Overall, the current limitations of ESI Caching make it a less preferred caching mechanism for today's modern sites that generate vast varieties of personalization and ever-changing implementation.

CDN Caching with Ajax

Modern web implementations are leaning to assemble the pages at the user end (browser) by using Ajax calls to retrieve bits and pieces of the information or perform some action on the user session in the application server. The page assembly in this case is performed on the browser end, at cost of multiple HTTP requests going on through CDN. Since Ajax call is just another HTTP call, all the caching artifacts and techniques that exist on the CDN to cache the full page are directly applicable to make Ajax calls cacheable on the CDN as well.

This strategy enables the separation of the type of the content on the e-commerce site to make it cacheable with different caching and invalidation rules. This is typical approach to prepare/enable modern WCS site implementation for CDN caching. For successful caching of the dynamic pages on CDN, the content of the base page should be non-personalized, readily reusable for any user, while the user-specific content is retrieved via Ajax calls to the application server.

Ajax versus ESI

An obvious question is how ESI and Ajax are compared from the overall efficiency of the implementation. The following comparison clarifies the data delivery efficiency by simple comparison between ESI, Ajax approach, and third method of delivering the information – Cookie-based data delivery:

Table 1. Efficiency comparison of ESI and Ajax
FeatureFrag.

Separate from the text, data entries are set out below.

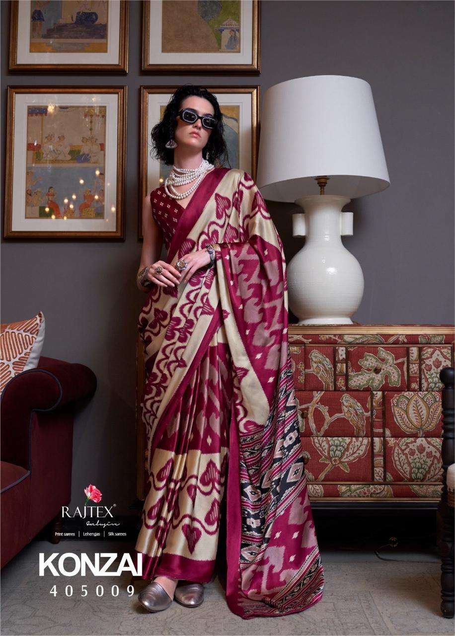 konzai by rajtex satin crape 405001-405010 gorgeous look saree wholesaler
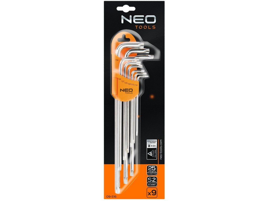 NEO sada klíčů Torx (ref. č. 09-516) obsahuje 9 klíčů velikosti T10 až T50.
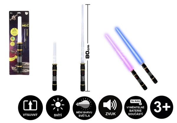 Parametry Meč svítící vesmírný skládací plast 80cm na baterie se světlem se zvukem na kartě 16x51x5cm

CachingCookieAjax Call
Difficulty Simple Simple to Complex Complex
Performance Impact Small None or Negligible Small to Moderate
Cache pool/Cache infrastructure load Medium None Medium
CDN constraint ESI required None.
(can use regular caching implementation)
None.
(can use regular caching implementation)

Cookie-based data delivery is an indispensable method of implementing simple personalization that is user-specific only. A typical example of this is minicart data, or welcome message that appears on virtually every WCS e-commerce site.

The comparison is done on 4 different aspects:

  1. Ease of implementation, where the ESI is at advantage that requires minimal involvement, followed by cookie data delivery method. The Ajax method is considered most involving in the implementation phase since the cost of browser end assembly falls into the development phase.
  2. Performance impact on the site, where the performance impact represents the overhead of the application server to manage the data when the requests are not cached. Obviously the ESI approach has a minimal cost, followed by cookie method that has small overhead. At last is the Ajax approach, due to the multiple HTTP requests needed to assemble the page is most costly.
  3. Cache Infrastructure Load or cost of the implementation w.r.t. cache maintenance and overhead in the system. Cookie-based delivery is most efficient since it does not generate any cache content, while ESI and Ajax are at same cost since both approaches are generating about the same number of cached objects in the cache pool.
  4. CDN implication, where the method is evaluated from the CDN standpoint in terms of required functions and complex caching implementations. Cookie and Ajax approach does not require any specifics at the CDN level, while ESI method requires ESI support and more complex management of the data in the cache.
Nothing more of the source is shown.